Omit all pictures, then retype exactly the lines from the one that contains "The image depicts" through the end of the listing.

Supplied data:
##############################
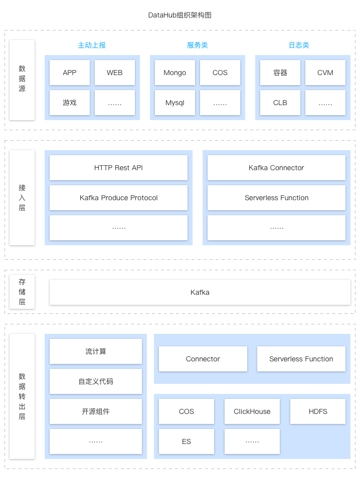 数据接入平台(DataHub)是腾讯云上的数据接入和处理平台,一站式提供对数据的接入、处理和分发功能。Datahub 可以持续不断地接收和采集(APP、Web、云产品日志等)数据,实时处理,低成本搭建数据流转链路,构建数据源和数据处理系统间的桥梁。
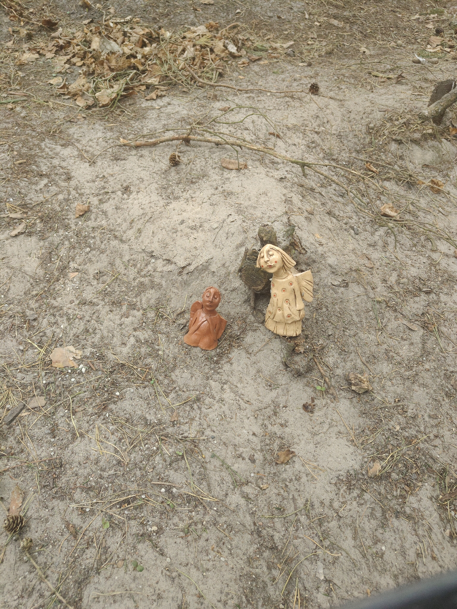 The image depicts two small figurines on a ground surface covered with sand, dry leaves, twigs, and pine needles. One figurine is reddish-brown and depicts a character with hands clasped. The other isβ¦read more
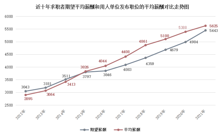 近十年求职者期望平均薪酬和用人单位发布职位的平均薪酬对比走势图如下:
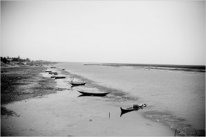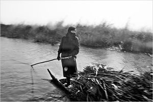 ![]() صياد في قارب صيد محلي في المياه الضحلة لنهر الفرات تحت جسر الهندية. |
##############################
Answer section:
 The image depicts two small figurines on a ground surface covered with sand, dry leaves, twigs, and pine needles. One figurine is reddish-brown and depicts a character with hands clasped. The other isβ¦read more
 近十年求职者期望平均薪酬和用人单位发布职位的平均薪酬对比走势图如下:
 ![]() صياد في قارب صيد محلي في المياه الضحلة لنهر الفرات تحت جسر الهندية. |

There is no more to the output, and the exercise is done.